Outside they stand side by side while he looks around and figures out which way to go. She reaches out and takes his hand. Her skin is cool and rough, her long fingers wrapped around his. A light and comfortable grip but he can feel the strength in there ready to squeeze water from stone. He feels their skin touching as if from a great distance, a sensation beamed up to satellite and then back down to earth again. He tries to let go, at least he thinks so, but their hands stay peacefully joined.

“All right, Mr. Man,” she says, pulling him gently. “Let’s walk.”

North Beach is buzzing.
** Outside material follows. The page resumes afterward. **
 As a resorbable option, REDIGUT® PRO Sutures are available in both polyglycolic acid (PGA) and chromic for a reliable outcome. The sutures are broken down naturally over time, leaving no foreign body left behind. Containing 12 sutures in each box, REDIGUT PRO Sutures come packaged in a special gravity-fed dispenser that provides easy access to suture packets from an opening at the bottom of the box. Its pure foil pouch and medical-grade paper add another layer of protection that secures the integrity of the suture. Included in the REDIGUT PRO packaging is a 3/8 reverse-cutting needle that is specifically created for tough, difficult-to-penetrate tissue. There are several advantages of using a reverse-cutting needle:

The crowded sidewalks slow to a syrup crawl as they hit the neon center. They make their way mutely past the gaudy strip clubs, past the packed bars and restaurants. She keeps his hand like a flashlight as they walk the narrow sidewalk. The oncoming pedestrian traffic thins single file to the outside to let them pass. His favorite North Beach café is crowded with its usual mix of regulars and tourists, but there’s a table opening up right in the window, prime for people-watching. He suggests a coffee. Her hand is still cool in his.